** Records follows **

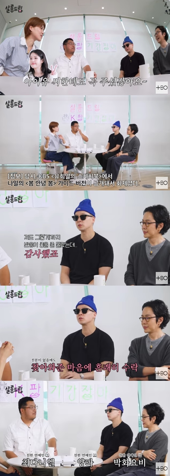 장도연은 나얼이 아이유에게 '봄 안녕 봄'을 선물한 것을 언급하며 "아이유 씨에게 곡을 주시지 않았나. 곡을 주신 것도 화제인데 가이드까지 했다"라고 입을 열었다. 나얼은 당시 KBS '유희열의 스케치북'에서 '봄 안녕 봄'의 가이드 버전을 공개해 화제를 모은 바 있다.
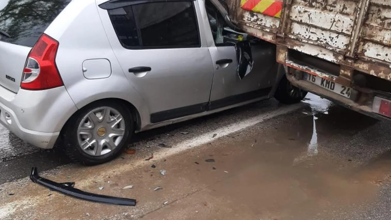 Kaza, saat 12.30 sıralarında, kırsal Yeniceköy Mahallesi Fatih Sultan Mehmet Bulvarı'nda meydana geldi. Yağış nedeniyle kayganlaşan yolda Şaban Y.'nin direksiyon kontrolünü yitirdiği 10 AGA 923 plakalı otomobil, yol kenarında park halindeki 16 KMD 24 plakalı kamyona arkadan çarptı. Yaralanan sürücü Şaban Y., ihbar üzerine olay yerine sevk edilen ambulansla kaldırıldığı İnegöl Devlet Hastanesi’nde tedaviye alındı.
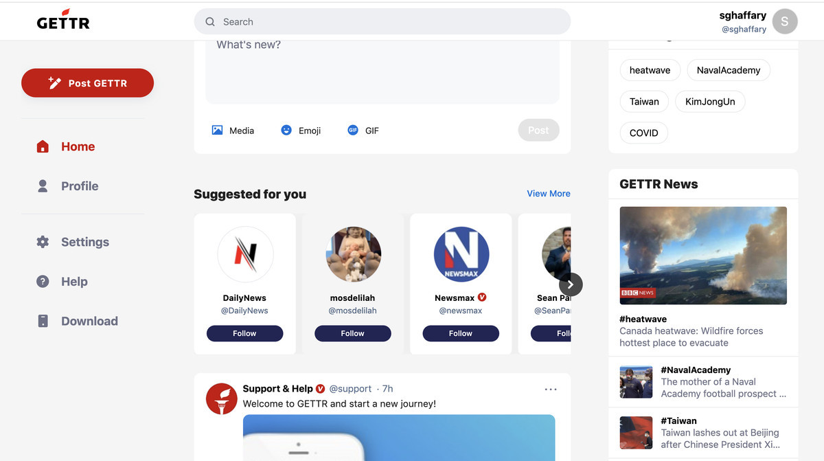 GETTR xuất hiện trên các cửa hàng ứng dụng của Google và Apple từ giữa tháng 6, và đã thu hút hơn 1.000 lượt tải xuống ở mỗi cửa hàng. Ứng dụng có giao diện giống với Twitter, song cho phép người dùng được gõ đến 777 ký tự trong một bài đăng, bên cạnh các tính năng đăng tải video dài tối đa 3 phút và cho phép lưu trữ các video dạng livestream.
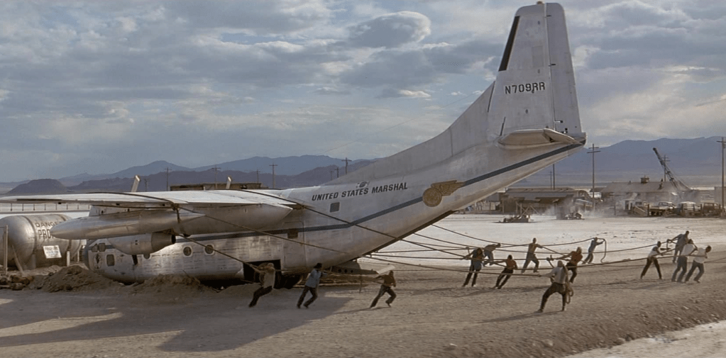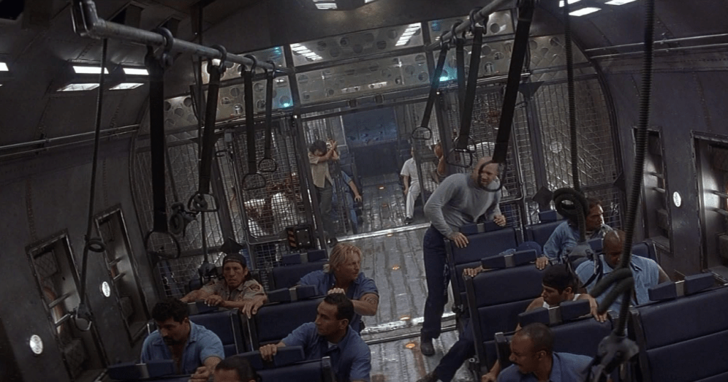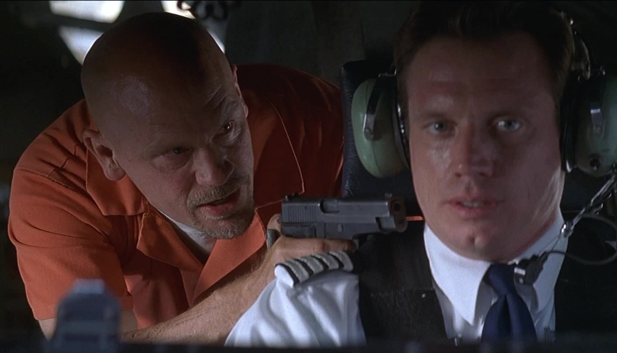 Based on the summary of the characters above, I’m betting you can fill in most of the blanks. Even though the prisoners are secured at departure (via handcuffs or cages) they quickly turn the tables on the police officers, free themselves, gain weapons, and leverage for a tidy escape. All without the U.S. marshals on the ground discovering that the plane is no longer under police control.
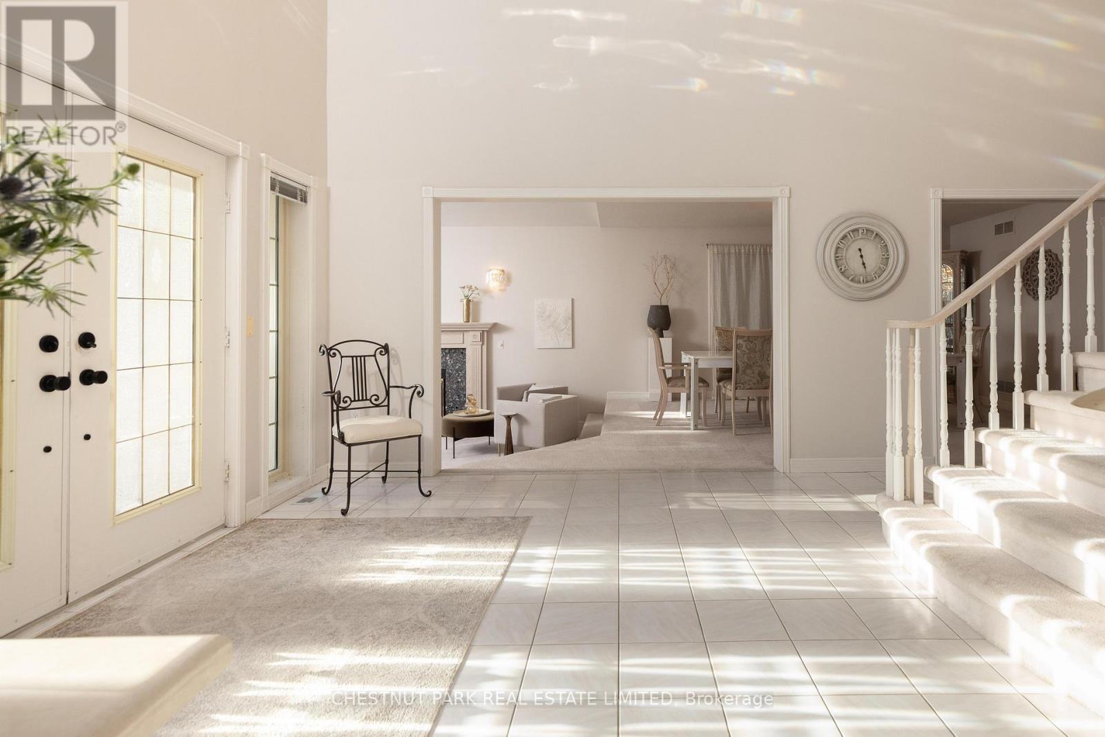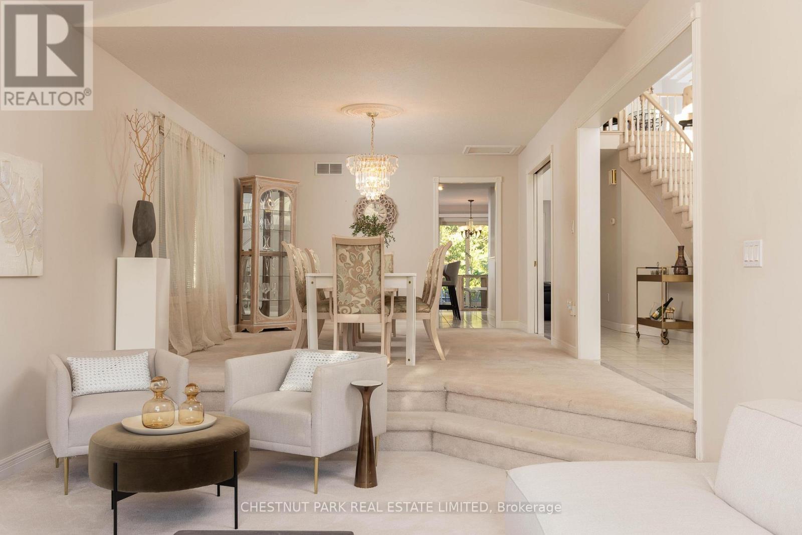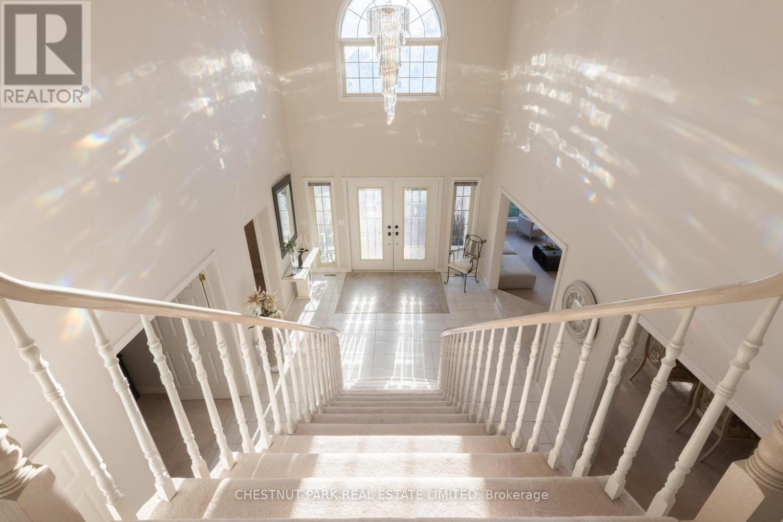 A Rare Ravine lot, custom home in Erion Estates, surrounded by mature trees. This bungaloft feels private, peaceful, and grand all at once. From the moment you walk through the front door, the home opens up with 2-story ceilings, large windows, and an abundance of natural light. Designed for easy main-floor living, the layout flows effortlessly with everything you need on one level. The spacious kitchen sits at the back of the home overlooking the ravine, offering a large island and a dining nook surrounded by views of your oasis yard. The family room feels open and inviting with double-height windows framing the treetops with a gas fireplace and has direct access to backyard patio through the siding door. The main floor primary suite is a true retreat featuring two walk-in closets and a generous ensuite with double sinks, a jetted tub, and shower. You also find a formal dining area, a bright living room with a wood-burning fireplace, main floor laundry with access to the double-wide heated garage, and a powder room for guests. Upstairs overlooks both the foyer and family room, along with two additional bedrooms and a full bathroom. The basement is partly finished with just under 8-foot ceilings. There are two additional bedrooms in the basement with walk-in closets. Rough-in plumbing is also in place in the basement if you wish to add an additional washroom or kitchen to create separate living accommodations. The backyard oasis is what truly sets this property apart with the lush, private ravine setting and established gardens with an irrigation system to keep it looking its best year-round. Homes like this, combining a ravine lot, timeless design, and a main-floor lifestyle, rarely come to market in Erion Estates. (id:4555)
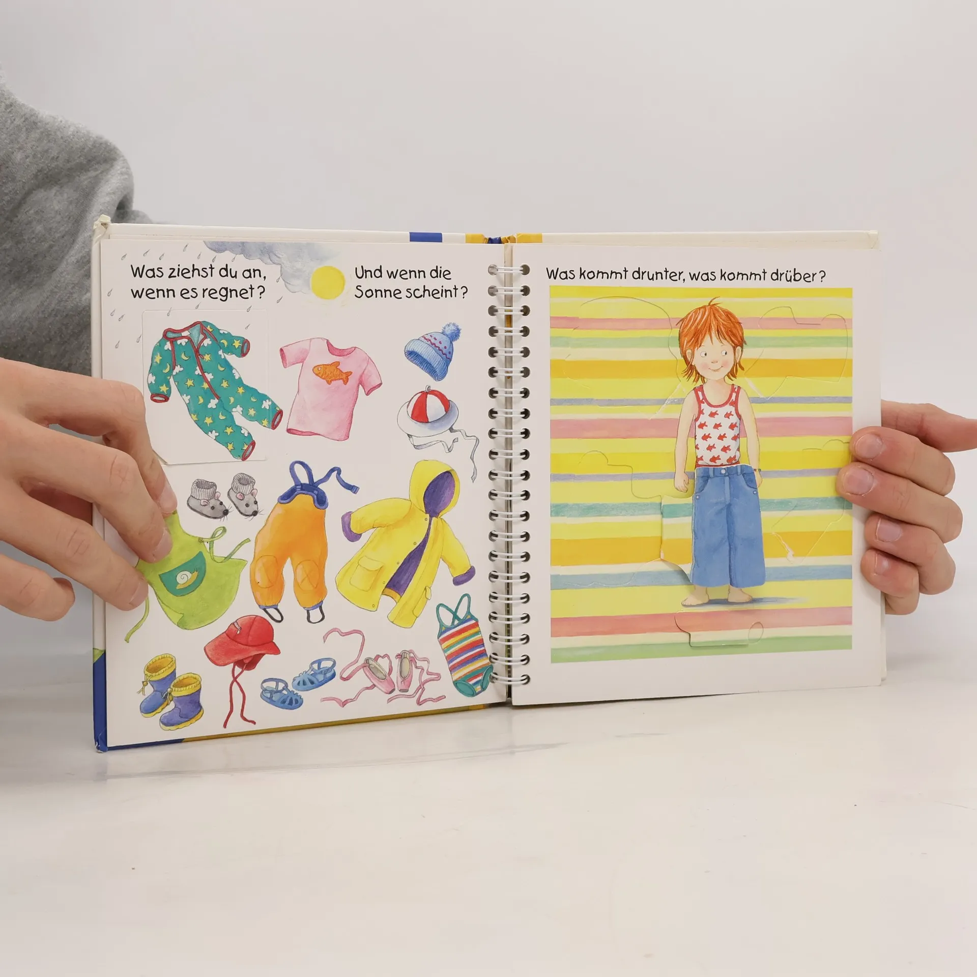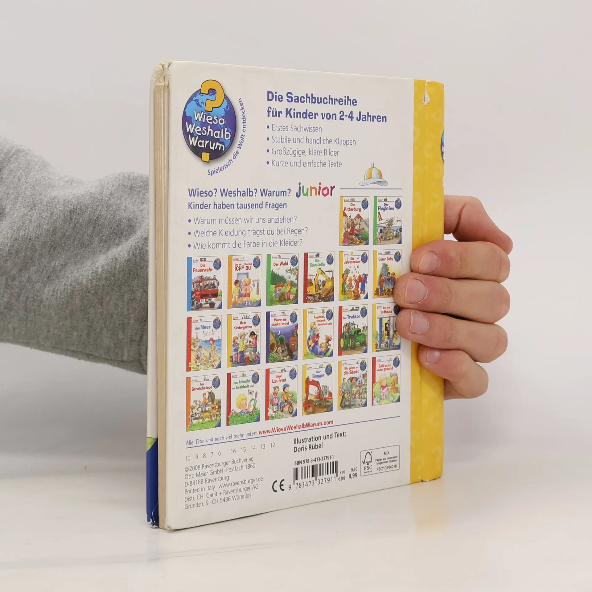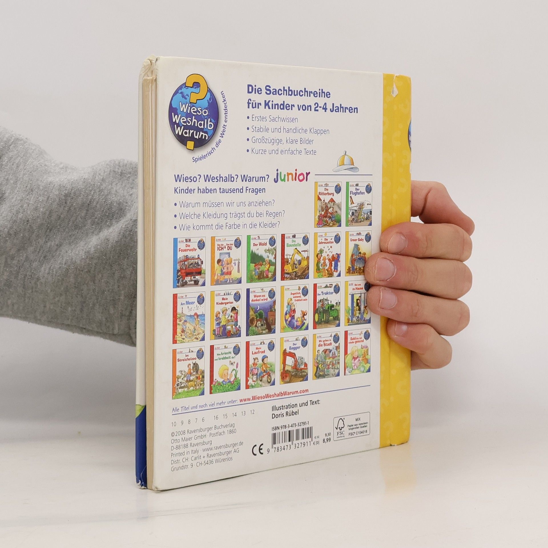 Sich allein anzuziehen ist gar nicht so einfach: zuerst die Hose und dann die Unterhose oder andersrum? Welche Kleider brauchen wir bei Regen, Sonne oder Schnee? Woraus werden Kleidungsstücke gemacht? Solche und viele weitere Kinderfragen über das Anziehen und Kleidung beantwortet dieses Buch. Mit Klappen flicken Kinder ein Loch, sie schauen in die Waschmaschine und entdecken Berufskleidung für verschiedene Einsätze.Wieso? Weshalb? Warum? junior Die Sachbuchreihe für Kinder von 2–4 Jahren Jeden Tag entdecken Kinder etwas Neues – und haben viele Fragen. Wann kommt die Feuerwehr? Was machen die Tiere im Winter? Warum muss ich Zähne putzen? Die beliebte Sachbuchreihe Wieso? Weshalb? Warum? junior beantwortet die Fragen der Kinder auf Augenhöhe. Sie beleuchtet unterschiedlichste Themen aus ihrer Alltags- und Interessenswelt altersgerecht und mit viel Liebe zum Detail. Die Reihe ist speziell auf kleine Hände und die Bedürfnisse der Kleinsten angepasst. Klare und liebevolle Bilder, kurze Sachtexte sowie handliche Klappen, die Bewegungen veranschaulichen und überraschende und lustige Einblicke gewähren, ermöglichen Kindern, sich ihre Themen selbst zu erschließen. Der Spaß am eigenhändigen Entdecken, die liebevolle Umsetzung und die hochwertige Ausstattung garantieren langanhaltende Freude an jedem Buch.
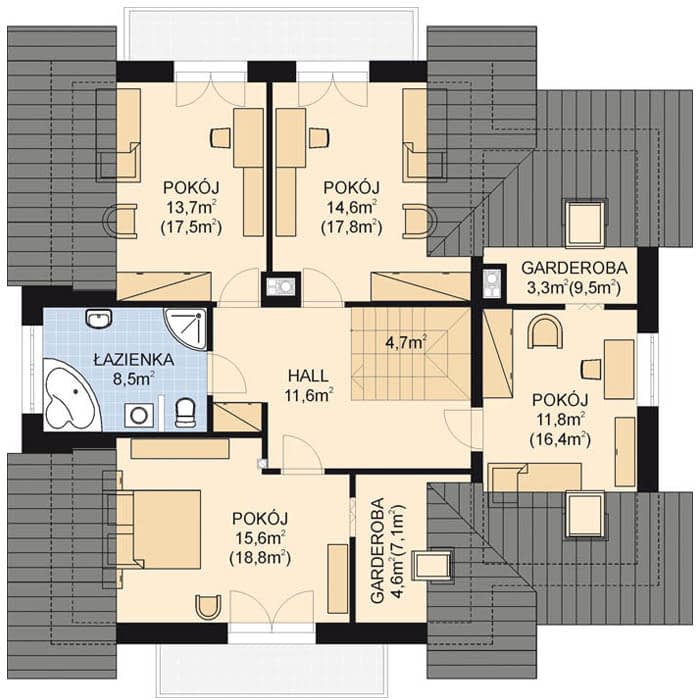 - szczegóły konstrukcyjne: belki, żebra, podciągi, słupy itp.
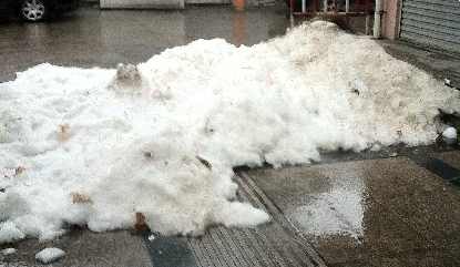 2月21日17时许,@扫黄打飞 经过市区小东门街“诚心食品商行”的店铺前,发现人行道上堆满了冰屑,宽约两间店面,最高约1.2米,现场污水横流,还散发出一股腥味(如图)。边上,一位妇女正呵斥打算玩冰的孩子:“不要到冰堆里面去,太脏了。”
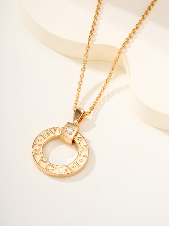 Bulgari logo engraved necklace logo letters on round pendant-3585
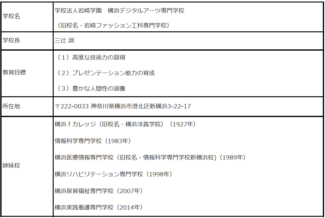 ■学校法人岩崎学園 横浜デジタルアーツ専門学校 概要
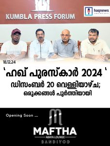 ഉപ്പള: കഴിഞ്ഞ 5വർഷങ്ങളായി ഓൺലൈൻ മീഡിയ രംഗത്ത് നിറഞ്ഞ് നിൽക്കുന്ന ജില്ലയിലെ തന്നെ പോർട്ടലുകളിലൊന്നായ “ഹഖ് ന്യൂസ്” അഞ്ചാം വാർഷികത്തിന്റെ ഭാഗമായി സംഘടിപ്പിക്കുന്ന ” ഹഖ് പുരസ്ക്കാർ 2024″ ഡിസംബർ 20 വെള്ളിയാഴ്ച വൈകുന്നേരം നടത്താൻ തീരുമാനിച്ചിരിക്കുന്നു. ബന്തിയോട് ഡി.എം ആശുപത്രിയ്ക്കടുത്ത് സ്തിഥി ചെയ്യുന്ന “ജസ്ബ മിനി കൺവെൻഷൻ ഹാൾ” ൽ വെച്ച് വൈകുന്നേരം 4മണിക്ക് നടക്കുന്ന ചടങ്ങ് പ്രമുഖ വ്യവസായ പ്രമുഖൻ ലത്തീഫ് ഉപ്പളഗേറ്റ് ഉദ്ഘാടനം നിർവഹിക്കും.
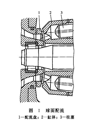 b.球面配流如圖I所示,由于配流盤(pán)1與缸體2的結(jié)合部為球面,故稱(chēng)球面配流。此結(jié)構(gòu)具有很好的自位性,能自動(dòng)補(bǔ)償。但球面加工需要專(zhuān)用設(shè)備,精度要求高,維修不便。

** End of Records **

* [Task goal]: Reproduce verbatim the opening line of the material and every line after it, up to and including the line with "Kaza, saat 12.30", but no pictures.

* [Task solution]:
 장도연은 나얼이 아이유에게 '봄 안녕 봄'을 선물한 것을 언급하며 "아이유 씨에게 곡을 주시지 않았나. 곡을 주신 것도 화제인데 가이드까지 했다"라고 입을 열었다. 나얼은 당시 KBS '유희열의 스케치북'에서 '봄 안녕 봄'의 가이드 버전을 공개해 화제를 모은 바 있다.
 Kaza, saat 12.30 sıralarında, kırsal Yeniceköy Mahallesi Fatih Sultan Mehmet Bulvarı'nda meydana geldi. Yağış nedeniyle kayganlaşan yolda Şaban Y.'nin direksiyon kontrolünü yitirdiği 10 AGA 923 plakalı otomobil, yol kenarında park halindeki 16 KMD 24 plakalı kamyona arkadan çarptı. Yaralanan sürücü Şaban Y., ihbar üzerine olay yerine sevk edilen ambulansla kaldırıldığı İnegöl Devlet Hastanesi’nde tedaviye alındı.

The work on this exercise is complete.